И вечер должен был стать таким же, как все ему предшествующие: накрахмаленная блестящая скатерть, тепло, свет, приятнейшая музыка из-под потолка, выпечка своя, домашняя, захватывающая дух беседа. Всюду драпировки пастельных оттенков, витрины с фарфоровой посудой, на потолке там и тут лепнина… Куда ни глянь, везде стоит нечто: там – пожалуйста, малахитовая фигурка, а там – портрет статного мужчины, упивающегося пышностью своего затейливого парика, а здесь закоптившийся подсвечник. Или же – что-то ненужное, но ценное, безусловно.
И сам Манилин, чего греха таить, в грязь лицом не ударит: чистый, умеренно внушительный, в домашних костюмах – спасибо, не в камзоле; рука украшена изысканным перстнем. Да не штампованным, «за пару тысяч», – зачем? – а прямо-таки фирменным, если не врёт, конечно… Таков Манилин. Устроится удобно в кресле, сложит руки, брови – аккуратная ольха, манящие чернильным блеском бархата глаза…
Есть, на что посмотреть, правда.
«Пассии» Манилина тоже не «что-то там», а наоборот, восхищенное «что-то с чем-то!» Редкости. То титулованная леди, чуть ли не графиня; то девочка «себе на уме», из богемы, акварелью водит по бумаге, безумная, фиолетовую дорогу выписывает да рассвет страны в раскидистых берёзах…
Конечно, многие Манилина не одобряли, но втихую, прячась по углам: все эти его перстни, картины, выпечки; посмеивались над домашними одеяниями (опять же, спасибо, не камзол!); и смешно было, что ванная у него сочится кремами, парфюмами, щетками, пастами и ещё многим – а ведь холостяк… Но всё-таки, когда звал «на ужины» – бежали, со всех ног бежали, и холодели при этом: позовёт ли снова? Да и право слово – что он в нас, таких простых, нашёл, к чему мы ему?..
–…Коли вы сегодня свободны, прошу ко мне на ужин, часам к восьми. Познакомитесь с моей новенькой – совершенно сказочное существо!
– Спасибо, будем обязательно!
И, как всегда, в последний момент Игорь потянулся к шкафу, а Рита, вращаясь ужом – и то успеть, и это! – раздавала наставления сыну: суп в кастрюле, кастрюля на плите, плита на кухне, кухня в квартире… Дверь никому не открывать. Уроки делать. После же – сразу сон, глубокий и очистительный. И не висни на мне, ну не висни же, мы опаздываем, страшно опаздываем!..

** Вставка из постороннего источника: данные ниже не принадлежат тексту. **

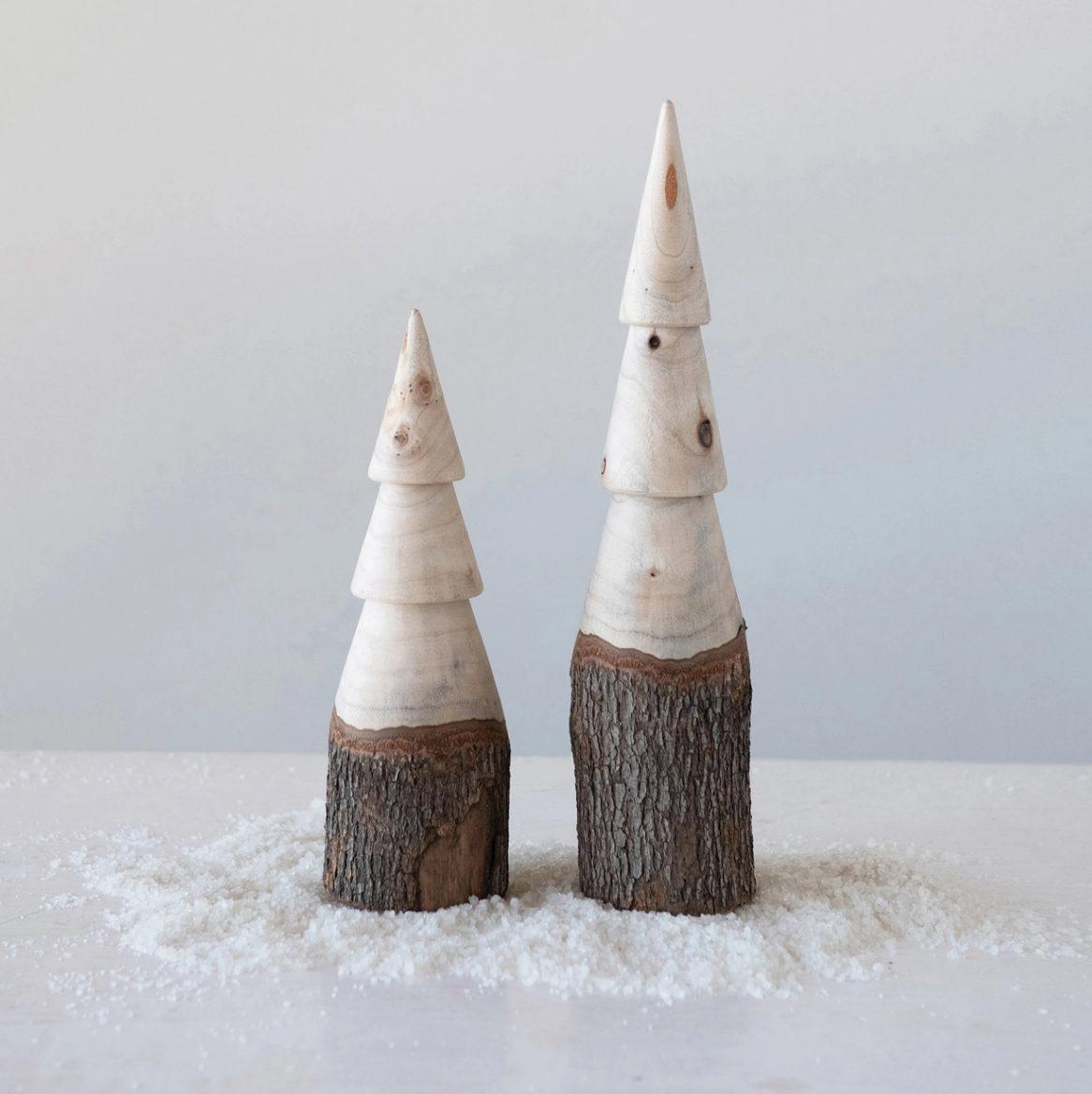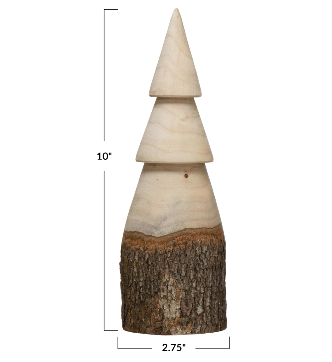 This festive tree is an easy and classic way to decorate for the holiday season. Made out of carved wood, this tree has a bark base, and has a natural finish. Whether used as a stand alone or in a bundle, this tree instantly upgrades any table tops or shelves and blends with any decor styles.

Рита сунула в сумку флакон дорогих духов, которыми разжилась недавно: возле порога Манилина украдкой «подушится» – подчеркнуть свои старания.
За их домом мрачной дугой лежала окружная дорога, где зазывно посвистывал мороз, холод безлюдных равнин мгновенно проник под одежду, мир казался кладбищенски пугающим, и им не захотелось тесниться в метро, поэтому поймали такси и, устроившись с комфортом, поругали чуть слышно одеяния Манилина, страсть к коллекционированию, неизвестную «новенькую»: куда прежняя-то запропастилась, как её, Таня, кажется? – ищи теперь ветра в поле; поспорили, будет ли в гостях Пал Палыч, и тут же дружно этого самого Пал Палыча побранили.

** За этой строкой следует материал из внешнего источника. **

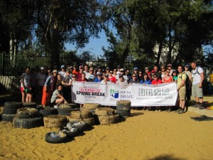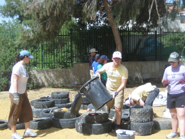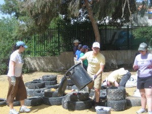 At 7:45am, we were on the bus headed for Be’er Sheva, where we would spend the day working at Earth’s Promise. It was our job to collect garbage and debris that was scattered across the land and use it in the construction of useful things like benches and playthings for children. I personally worked on “the monster,” which was a turtle-shaped plaything that we were building in a park to help entertain children. First we had to collect tires and lie them down on the ground in the shape of the turtle structure. We sloped the tail downward by layering the tires so that it would be like a slide. As for the rest, we alternated single and double tires to give the turtle a bumpy texture fun for children. Once we got the structure down, we tied it all together and stuffed the tires with garbage that we had collected around the park.

С Пал Палычем они познакомились у Манилина и совершенно очаровались этим стариком: его эти россказни о странах, о быте, и опять же выпечка, и обжигающий чай – то, что доктор прописал, с мороза-то! – и черные, с позолотой, коллекционные чашки, и тянущийся откуда-то сверху Бах, и Манилин, оглаживающий гостей своими бархатными (действительно прекрасными, на Ритин вкус) глазами – кошмар, аж голову вскружило… Взяли и напросились к Пал Палычу в гости. Да и сбежали тут же, некультурно, не прощаясь! Пол дощатый, стены какие-то серые, голые, и район, конечно, не из лучших: заборы, ямы, дома заброшенные. Сам Пал Палыч в засаленных штанах, вместо чая – цикорий, несусветная погань, варенье заветренное, на донышке, поэтому грохнули его в центр стола прямо в банке с ложкой: прошу, дорогие гости, ковыряйте себе на хорошую жизнь… А если закурить, то только на лестничной клетке, вы уж извините, астма – «сука такая»!.. И со странами и бытом прокол вышел: расположились – чёрт с ним, с цикорием – послушать журчащую речь о пустынях, океанах, архитектурах, а старик всё перебирал бумаги в папках с тесёмками, всё что-то тыкал пальцем, крича о неких земельных наделах, и что есть вот некий Сараев, интриган, бездарь, чинуша, не даёт ему печататься, и всех против Пал Палыча настраивает, но ведь вот же, вот же: ценнейшие документы, вся жизнь была потрачена на их поиски! Рита с Игорем хотели опять про пляжи, сафари и достопримечательности, но Манилина рядом не было, и некому было повернуть беседу в нужное русло, поэтому весь вечер только «Сараев! Сара-а-аев!» – и тыканье в папки, и валерьянка, и водка. Уложили старика кое-как, а после удалились по-английски…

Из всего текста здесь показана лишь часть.